== Exercise details ==
Omitting all images, give the entries that follow again exactly as they read.

== Source material ==
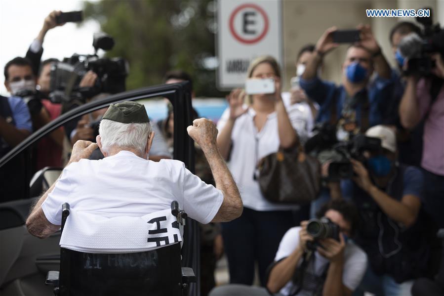 Ernando Piveta (front), a 99-year-old Brazilian World War II veteran, is discharged from the Armed Forces Hospital after recovering from the COVID-19 in Brasilia, Brazil, April 14, 2020. Ernando Piveta, who had been a member of the Brazilian Expeditionary Force, was admitted to the hospital on April 6 and treated in the facility's "COVID ward" after testing positive for the virus, the Defense Ministry said. Born on Oct. 7, 1920, Piveta received the Medal of Victory from Brazil's President Jair Bolsonaro last year for his service to the nation. (Photo by Lucio Tavora/Xinhua)
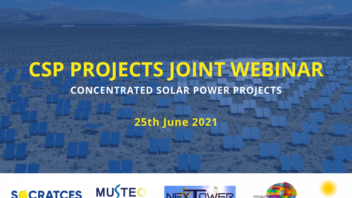 Under this framework, the SOCRATCES consortium organizes the CSP Projects Joint Webinar that will take place on the 25th June 2021. Other projects related to concentrated solar power will participate in the webinar, such as MUSTEC, NEXTOWER, SFERA-III and CSP ERANET.
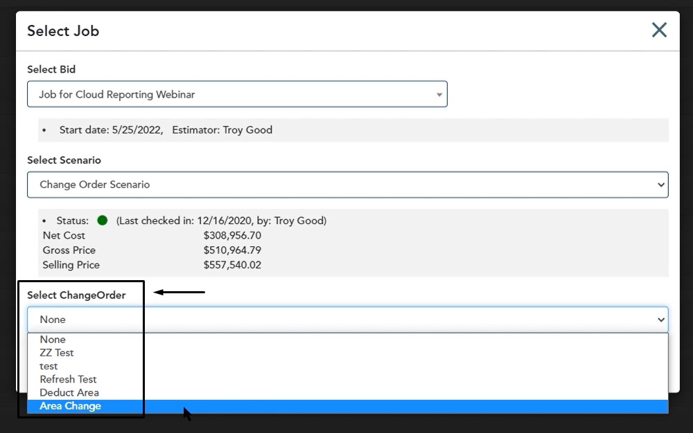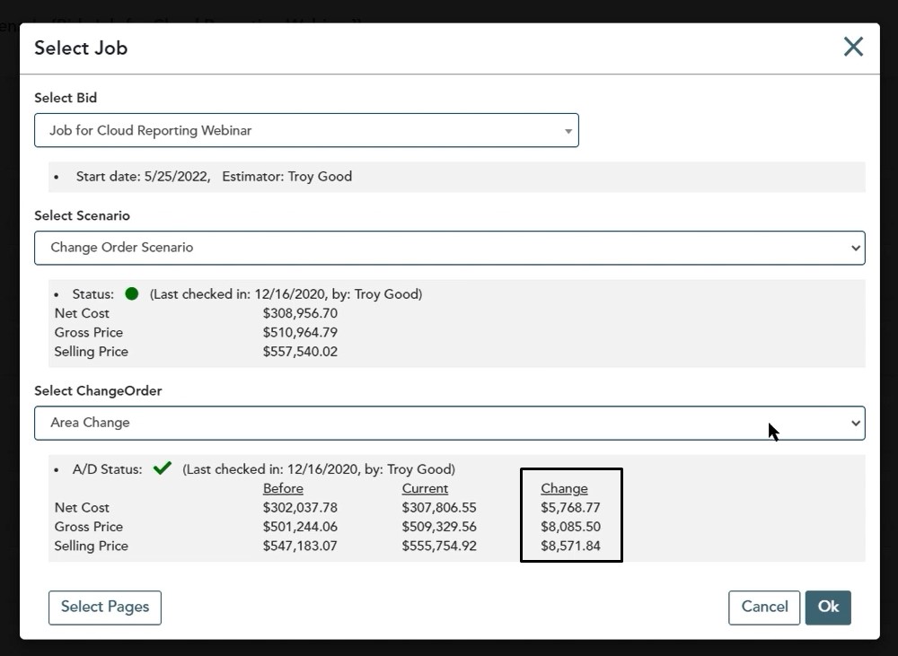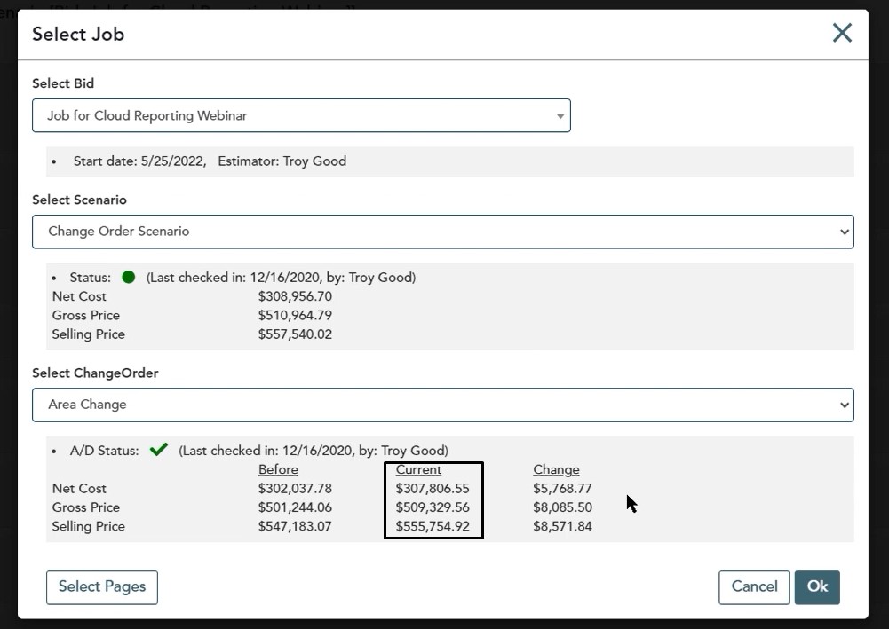 With cloud reporting, all of the information that we pull is based on the most recent checked in version of that job. So in this case, if you have your change orders checked in and or accepted, now you’re ready to go out to the portal and take a look at the reports that you have the ability to use.
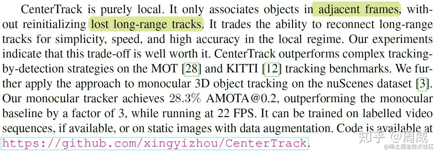 聪明的读者肯定已经发现了,这个CenterTrack只关联连续两帧之间的检测框,那么很难形成长期的关联和依赖,这样其实非常容易产生ID切换等情况的发生。但是作者论文中提到,
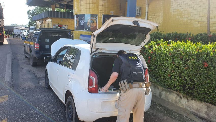 No início da fiscalização, a equipe constatou que os elementos identificadores do veículo apresentavam indícios de adulteração. Após isso, a equipe verificou que o automóvel tinha registro de roubo em 30/11/2016 em Salvador/BA.

== Answer section ==
 Ernando Piveta (front), a 99-year-old Brazilian World War II veteran, is discharged from the Armed Forces Hospital after recovering from the COVID-19 in Brasilia, Brazil, April 14, 2020. Ernando Piveta, who had been a member of the Brazilian Expeditionary Force, was admitted to the hospital on April 6 and treated in the facility's "COVID ward" after testing positive for the virus, the Defense Ministry said. Born on Oct. 7, 1920, Piveta received the Medal of Victory from Brazil's President Jair Bolsonaro last year for his service to the nation. (Photo by Lucio Tavora/Xinhua)
 Under this framework, the SOCRATCES consortium organizes the CSP Projects Joint Webinar that will take place on the 25th June 2021. Other projects related to concentrated solar power will participate in the webinar, such as MUSTEC, NEXTOWER, SFERA-III and CSP ERANET.
 With cloud reporting, all of the information that we pull is based on the most recent checked in version of that job. So in this case, if you have your change orders checked in and or accepted, now you’re ready to go out to the portal and take a look at the reports that you have the ability to use.
 聪明的读者肯定已经发现了,这个CenterTrack只关联连续两帧之间的检测框,那么很难形成长期的关联和依赖,这样其实非常容易产生ID切换等情况的发生。但是作者论文中提到,
 No início da fiscalização, a equipe constatou que os elementos identificadores do veículo apresentavam indícios de adulteração. Após isso, a equipe verificou que o automóvel tinha registro de roubo em 30/11/2016 em Salvador/BA.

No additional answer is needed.